About this exercise: The expected result is the full listing, retyped exactly, without a single picture.

--- Dataset section Enclosed Below ---

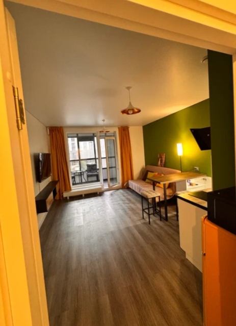 Важным нюансом квартир под сдачу является отделка максимально ударопрочными материалами. Плитка при входе на балкон, керамогранит - на полу. В данных апартаментах оригинальное решение с уличной стеной. Графичная разметка с сочетанием темно-коричневого и теплого бежевого оттеняет сочные цвета в отделке комнаты.
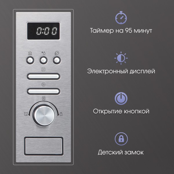 Описаниемикроволновая печь встраиваемая, 20 л, 59,5х34,4х38,8 cм, нержавеющая сталь
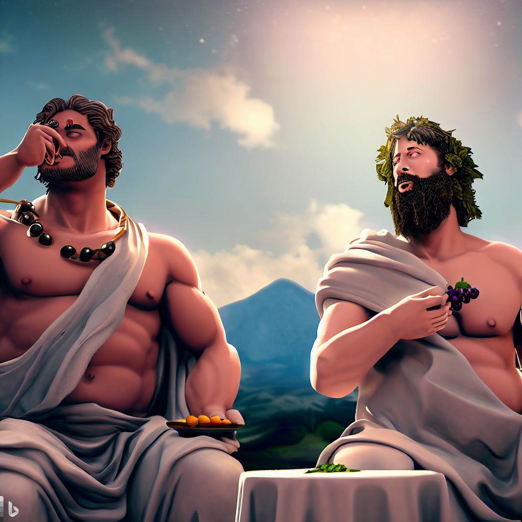 Prompt = “Handsome heroic tall greek god apollo staring at the sky and fat short ugly greek god Dionysus eating grapes and drinking wine. background mountains of ancient greece. hyper realist, full of details, 4k.”

--- End of Enclosed Dataset section ---

Your solution:
 Важным нюансом квартир под сдачу является отделка максимально ударопрочными материалами. Плитка при входе на балкон, керамогранит - на полу. В данных апартаментах оригинальное решение с уличной стеной. Графичная разметка с сочетанием темно-коричневого и теплого бежевого оттеняет сочные цвета в отделке комнаты.
 Описаниемикроволновая печь встраиваемая, 20 л, 59,5х34,4х38,8 cм, нержавеющая сталь
 Prompt = “Handsome heroic tall greek god apollo staring at the sky and fat short ugly greek god Dionysus eating grapes and drinking wine. background mountains of ancient greece. hyper realist, full of details, 4k.”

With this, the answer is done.